Generally speaking, if you pass in a pointer or a reference to a function, you’re assuming that the function is going to potentially access and modify your object (especially if you pass by reference). You can prevent this with using the “const” keyword, which sort of creates a contract between the function developer and the function user (like, “I promise I won’t change this value if you give it to me”).
If you pass a variable by “value” instead, the app will create a copy of the object and all of its values and then pass in the copy. The original will not be touched. If you have an array of 1,000,000 elements, it obviously becomes a pretty expensive memory copy to duplicate an array of 1m objects, so commonly people will just pass in the memory address of the object instead of the object itself. A memory address is only 4 bytes on a 32bit system, 8 bytes on a 64 bit system, so it is much lighter to pass that around, right? Pointers and references kind of go hand in hand with each other. You can say that a reference is really just an “address” to an object, but not the object itself. To use the address, you need to know what kind of data it represents. Whether you have an address to an integer or a massive array, or a class, the address is always the same size. Commonly you’ll dereference an address (such as with a pointer), which means that you’re working with the address data instead of the address itself.

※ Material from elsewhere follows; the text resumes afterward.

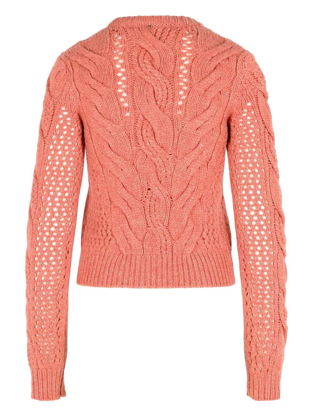 cinnamon brown ribbed knit round neck short front button fastening long sleeves straight hem

So in theory, you could pass in pointers or references to a function and the function can do a bunch of logic to read or modify the data, and in theory it would be a processed “output”. If you want to see multiple output nodes in a blueprint node, you can either pass in function parameters by reference, or pass in a struct which contains your variables. For reference, look at the “LineTrace()” function and how it passes an FHitResult struct as an output.